The additional reason for not going into these aspects is that a civil suit is pending inter se the parties for the amounts in question.” 19. Thus, in view of the entire scenario and the documents, available on record, suggests that the case is civil in nature, wherein criminal motion has been put into against the petitioners. It is settled law that the High Court in exercising the power under Section 482 Cr.P.C. is required to proceed with circumspection and caution and for quashing the proceeding is not required to make a roaming enquiry and come to the conclusion that no case is made out. At the same time if the prima facie case is not made out, it is trite to the High Court to protect the petitioners.

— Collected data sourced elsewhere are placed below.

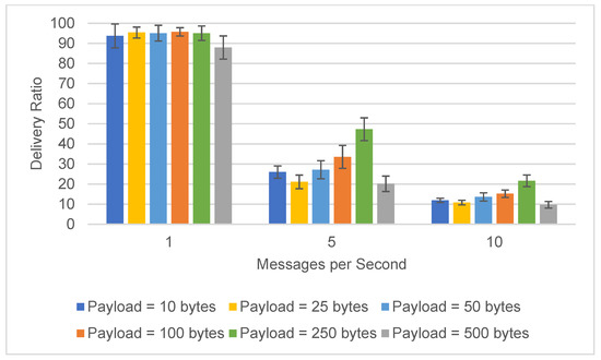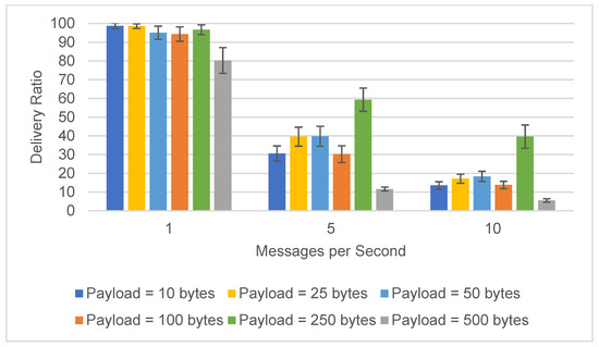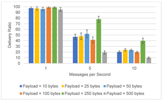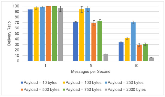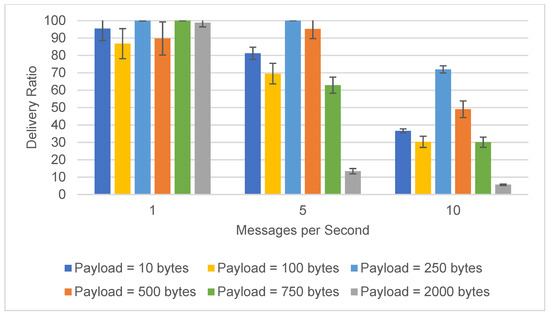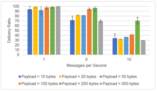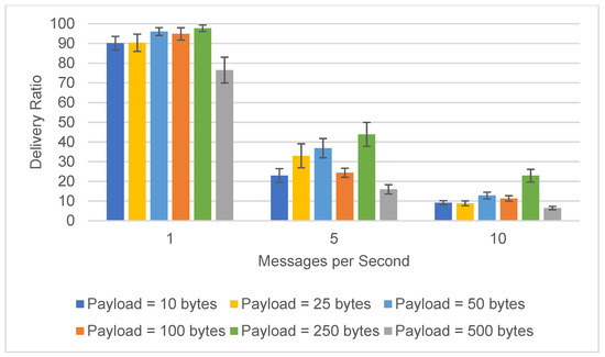 An occurrence common to all scenarios was verified when using 250 bytes payload messages. Regardless of the number of nodes in the network, this was the payload that registered the highest delivery ratio, sending five or ten messages per second. This situation cannot be dissociated from the fact that the packets had a maximum segment size of 536 bytes and were, therefore, the ones that took better advantage of this dimension.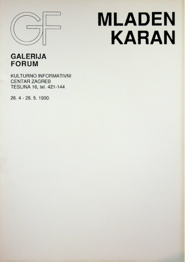 travanj 1990. MLADEN KARAN, Mladen Karan, Galerija Forum Vrsta dokumenta: Katalog Djelatnost: Galerijska djelatnost Autor: Maroević, Tonko Karan, Mladen Galerija Forum, 26. travnja - 26. svibnja 1990.Autor predgovora: Tonko MaroevićKatalog izložbe Mladena Karana u Galeriji Forum Preuzmi dokument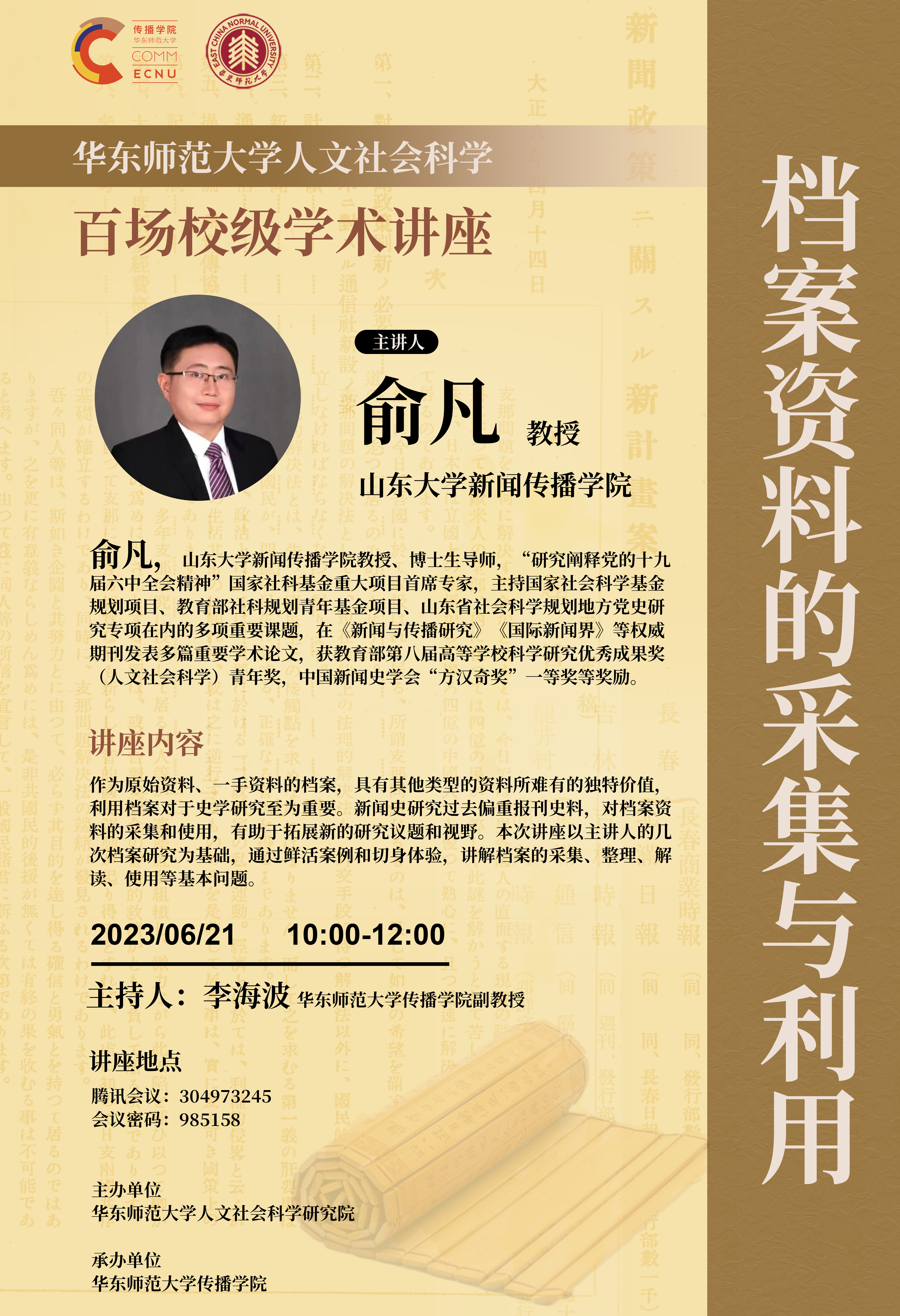 作为原始资料、一手资料的档案,具有其他类型的资料所难有的独特价值,利用档案对于史学研究至为重要。新闻史研究过去偏重报刊史料,对档案资料的采集和使用,有助于拓展新的研究议题和视野。本次讲座以主讲人的几次档案研究为基础,通过鲜活案例和切身体验,讲解档案的采集、整理、解读、使用等基本问题。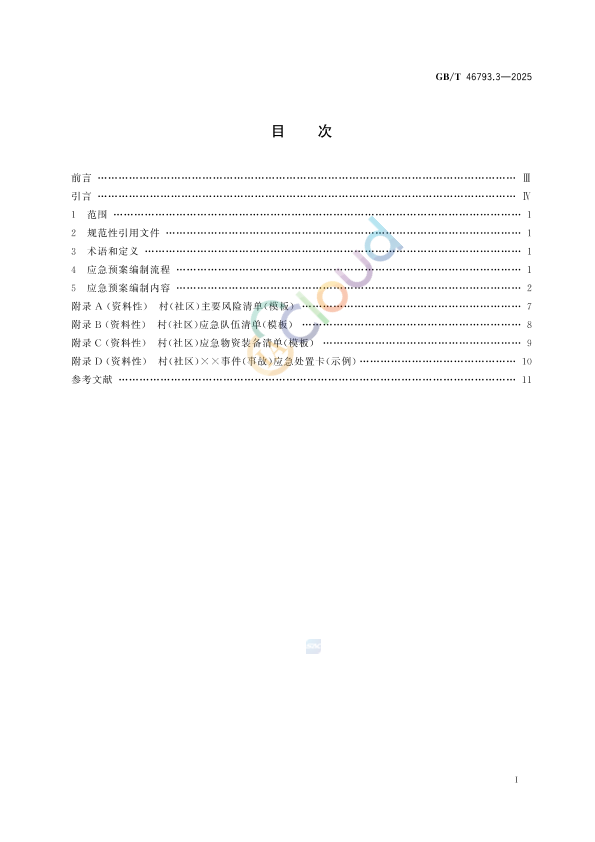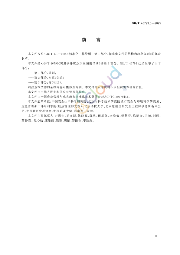 本文件按照GB/T1.1—2020《标准化工作导则 第1部分:标准化文件的结构和起草规则》的规定起草。 本 文件是GB/T46793《突发事件应急预案编制导则》的第3部分。GB/T46793已经发布了以下部分: ———第1部分:通则; ———第2部分:乡镇(街道); ———第3部分:村(社区)。 请注意本文件的某些内容可能涉及专利。本文件的发布机构不承担识别专利的责任。 本文件由中华人民共和国应急管理部提出。 本文件由全国应急管理与减灾救灾标准化技术委员会(SAC/TC307)归口。 本文件起草单位:中国安全生产科学研究院、北京市科学技术研究院城市安全与环境科学研究所、应急管理部干部培训学院(应急管理部党校)、北京科技大学、北京原祓注册安全工程师事务所有限公 司、中国社区发展协会、中国矿业大学、河南理工大学。 本文件主要起草人:时训先、王文靖、姚晓晖、陈兵、田星强、李季梅、倪慧荟、陈记合、王尧、刘硕、蒋仲安、焦心怡、康维丽、陈雅、胡韬、邵振鲁、邓浩鑫。
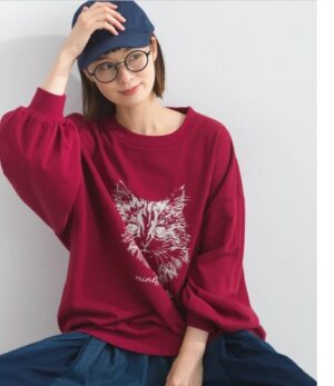 F0301 印花長袖貓衛衣(酒紅色)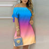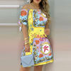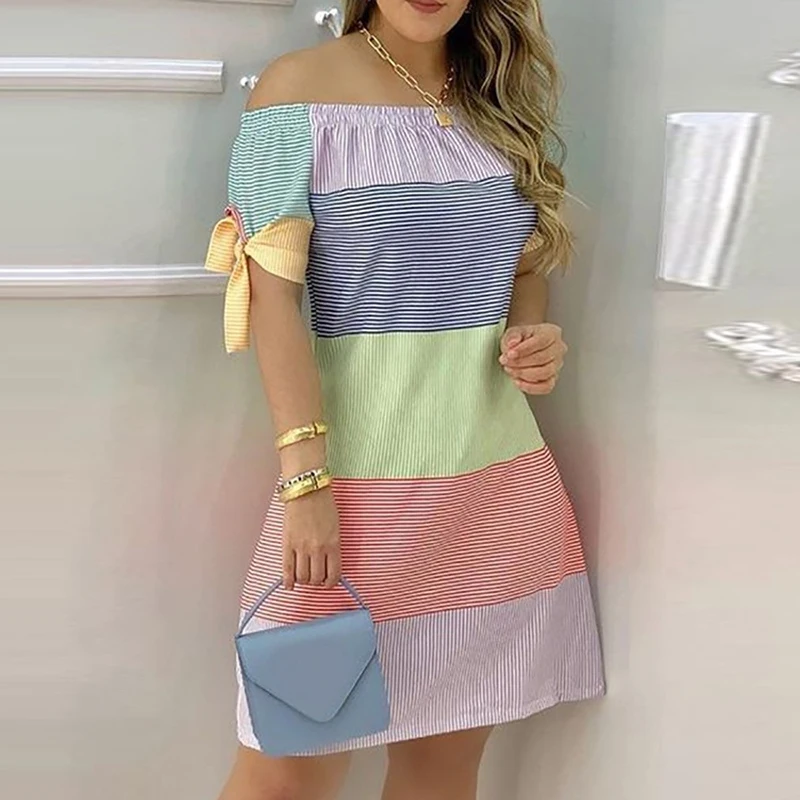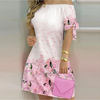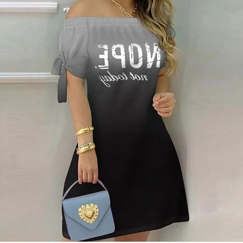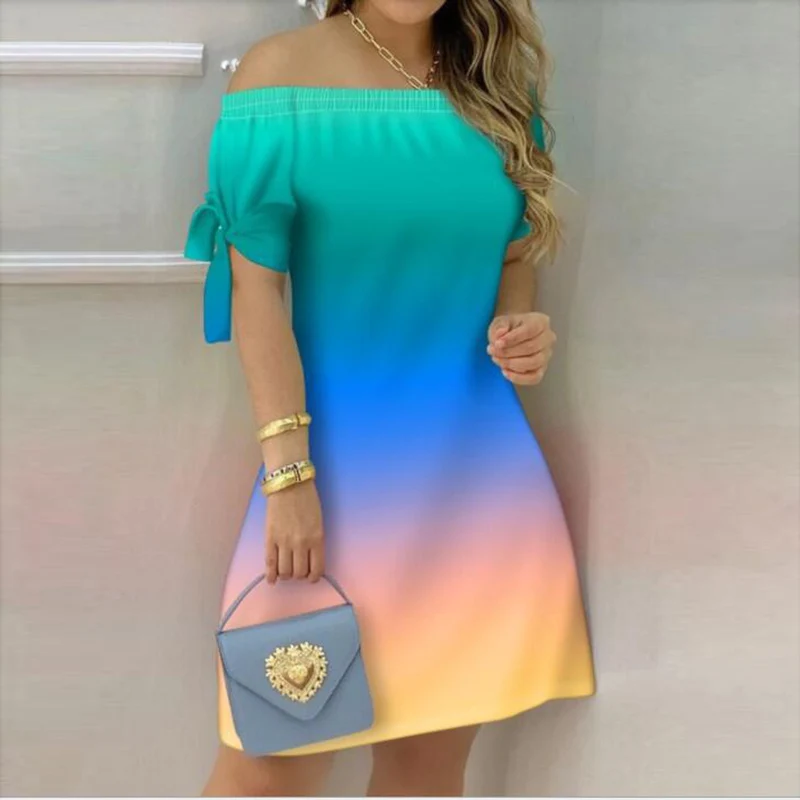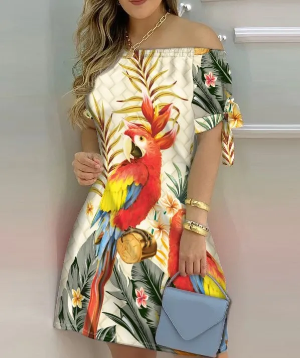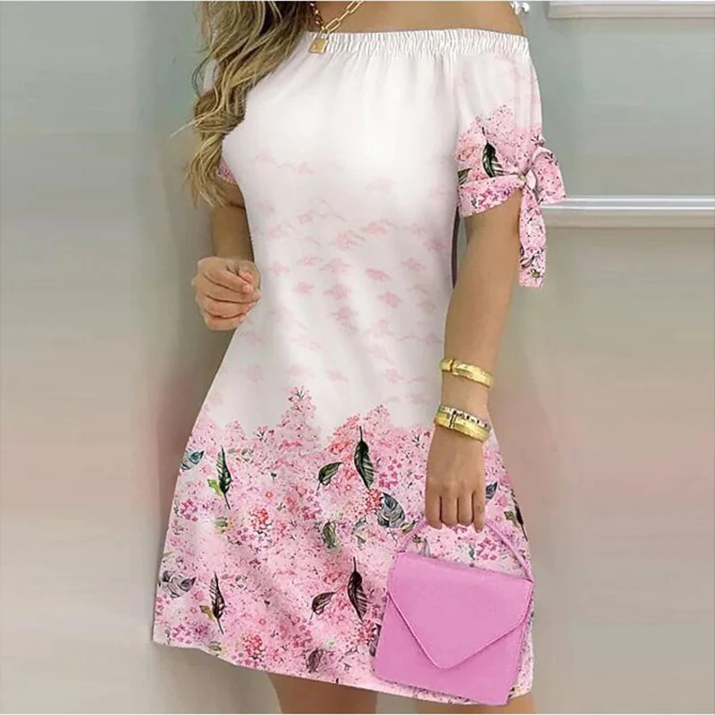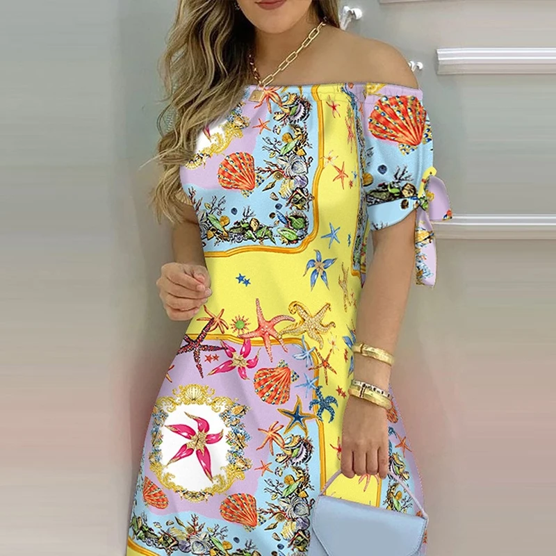 Elegant Women Loose Dress Summer Fashion Short Sleeve Slash Neck Casual A-line Dress Vintage Print Ladies Party Dresses Vestido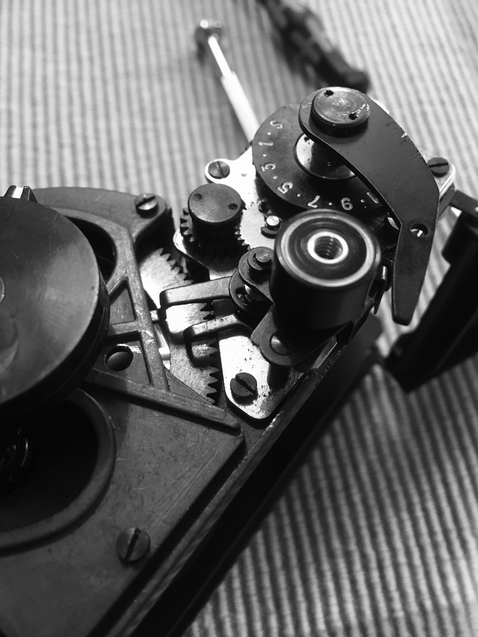 Today I pulled the top plate off the Minolta X-9, just to figure out how. I was prompted to do this by some intermittent slowness of the shutter button. I only took the top of the button off and didn't dig any deeper, but the activity seems to have sorted out whatever dust or tarnish was preventing it from working reliably, because it's much better now.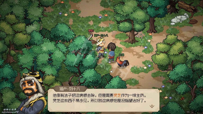 與白頭翁對話,他會委託主角前往迷蹤林採集靈芝。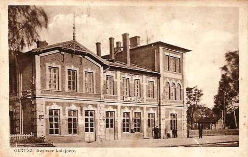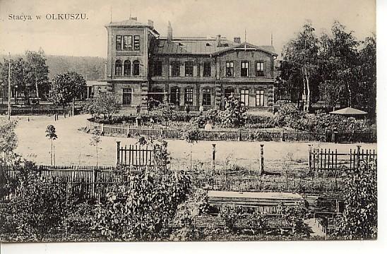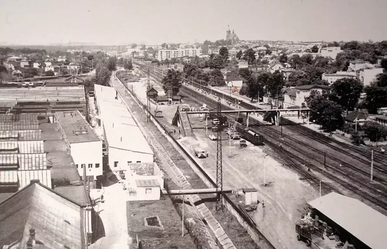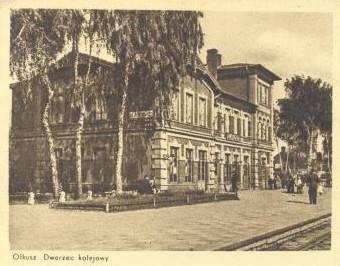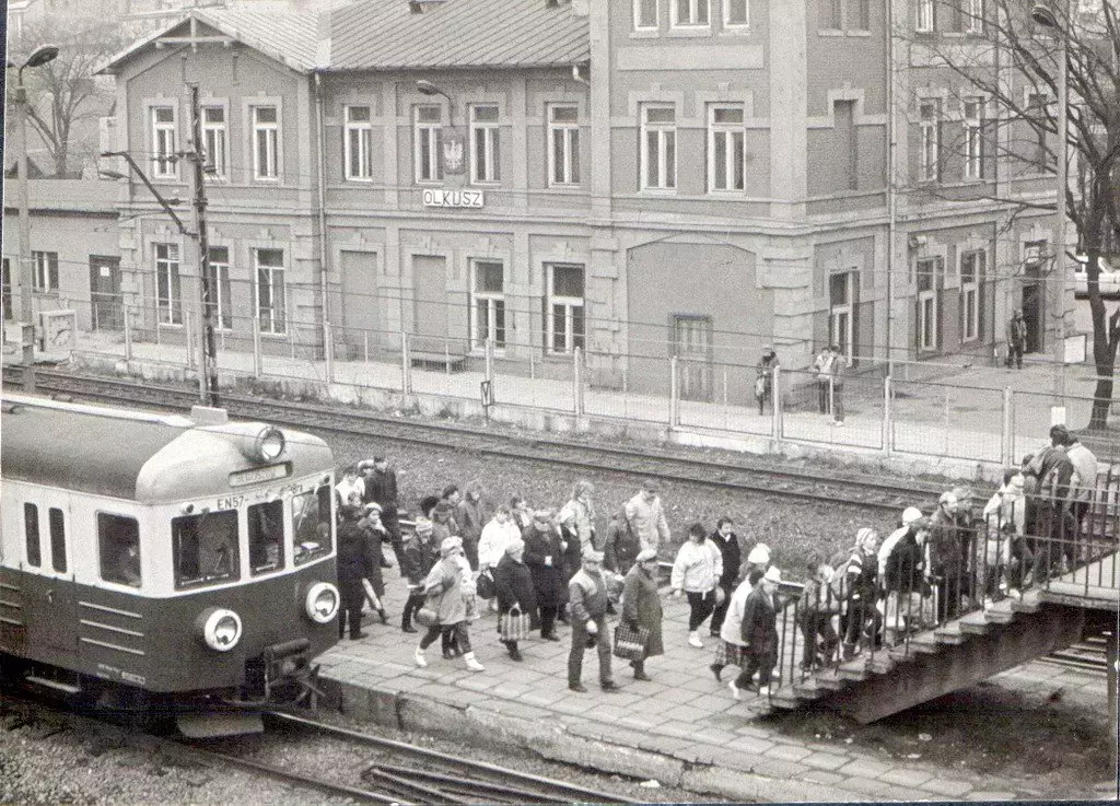 Stacja Olkusz w latach 70. Na zdjęciu widoczny ciekawy jest układ torowiska, jeszcze przed wybudowaniem linii szerokotorowej. W jej miejscu widać odchodzącą bocznicę do rampy.

In the case in hand the entire allegation are civil in nature and in view of the above facts and looking into the cognizance order dated 20.05.2020, it transpires that the learned Court has taken cognizance merely on the ground that he has looked into the chargesheet and the statement of the informant and the case diary, however, in the said order what are the prima facie materials against the petitioners for proceeding in a criminal case has not been discussed in the said cognizance order. It is well settled that the detailed order is not required to be passed for taking the cognizance, but what are the prima facie materials are there must be reflected in the said order, which is lacking in the case in hand. 20. Accordingly, the order taking cognizance dated 20.05.2020, in connection with Adityapur P.S. Case No. 207 of 2018 corresponding to G.R. No. 322 of 2020, pending in the court of learned Chief Judicial Magistrate, Seraikella-Kharsawan, is hereby, set aside. The matter is remitted back to the concerned court to pass a fresh order in the light of the observations made hereinabove and looking into the materials, available on record. 21. This petition is disposed of on the above extent. 22. Interim order, granted earlier, stands vacated.